• Activity: Under this line are the records; repeat exactly the lines starting at the one containing "Won 1st prize Great Yorkshire show 2019." and ending at the one containing "the main entrance", omitting pictures.

• Data for processing:
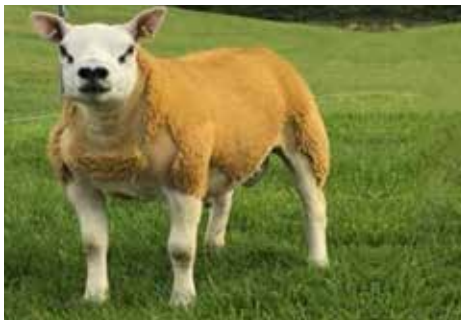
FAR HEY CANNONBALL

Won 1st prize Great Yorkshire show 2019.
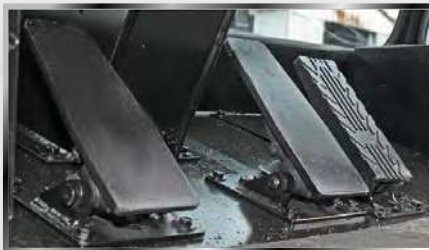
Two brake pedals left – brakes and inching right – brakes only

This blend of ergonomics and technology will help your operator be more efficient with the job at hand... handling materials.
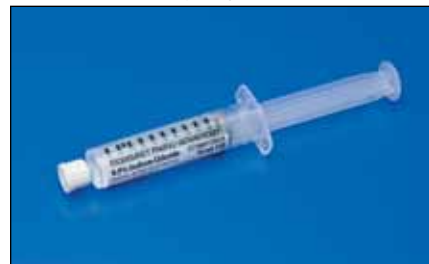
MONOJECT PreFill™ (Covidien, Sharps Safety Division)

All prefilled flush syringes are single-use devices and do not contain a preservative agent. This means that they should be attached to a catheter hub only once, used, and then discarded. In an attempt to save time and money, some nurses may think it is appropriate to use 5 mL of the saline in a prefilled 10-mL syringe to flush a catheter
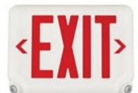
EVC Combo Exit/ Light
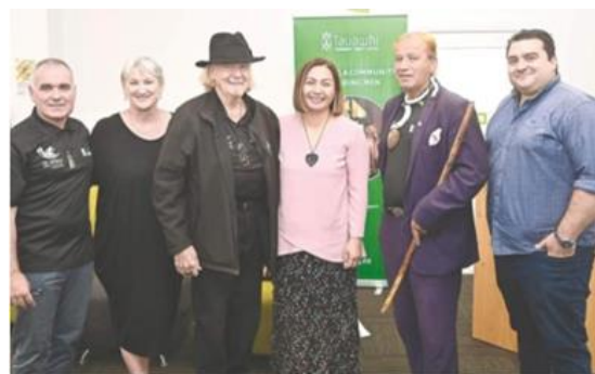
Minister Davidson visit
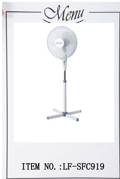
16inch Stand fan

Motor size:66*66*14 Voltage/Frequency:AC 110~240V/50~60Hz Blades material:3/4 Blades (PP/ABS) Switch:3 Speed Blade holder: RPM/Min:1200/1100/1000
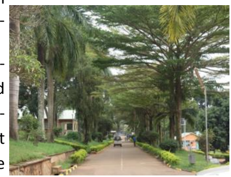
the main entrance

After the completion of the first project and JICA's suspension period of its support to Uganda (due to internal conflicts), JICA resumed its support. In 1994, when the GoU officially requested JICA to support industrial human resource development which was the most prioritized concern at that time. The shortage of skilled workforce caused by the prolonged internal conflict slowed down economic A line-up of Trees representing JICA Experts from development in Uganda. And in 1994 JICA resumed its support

• Solution for this task:
Won 1st prize Great Yorkshire show 2019.
Two brake pedals left – brakes and inching right – brakes only

This blend of ergonomics and technology will help your operator be more efficient with the job at hand... handling materials.
MONOJECT PreFill™ (Covidien, Sharps Safety Division)

All prefilled flush syringes are single-use devices and do not contain a preservative agent. This means that they should be attached to a catheter hub only once, used, and then discarded. In an attempt to save time and money, some nurses may think it is appropriate to use 5 mL of the saline in a prefilled 10-mL syringe to flush a catheter
EVC Combo Exit/ Light
Minister Davidson visit
16inch Stand fan

Motor size:66*66*14 Voltage/Frequency:AC 110~240V/50~60Hz Blades material:3/4 Blades (PP/ABS) Switch:3 Speed Blade holder: RPM/Min:1200/1100/1000
the main entrance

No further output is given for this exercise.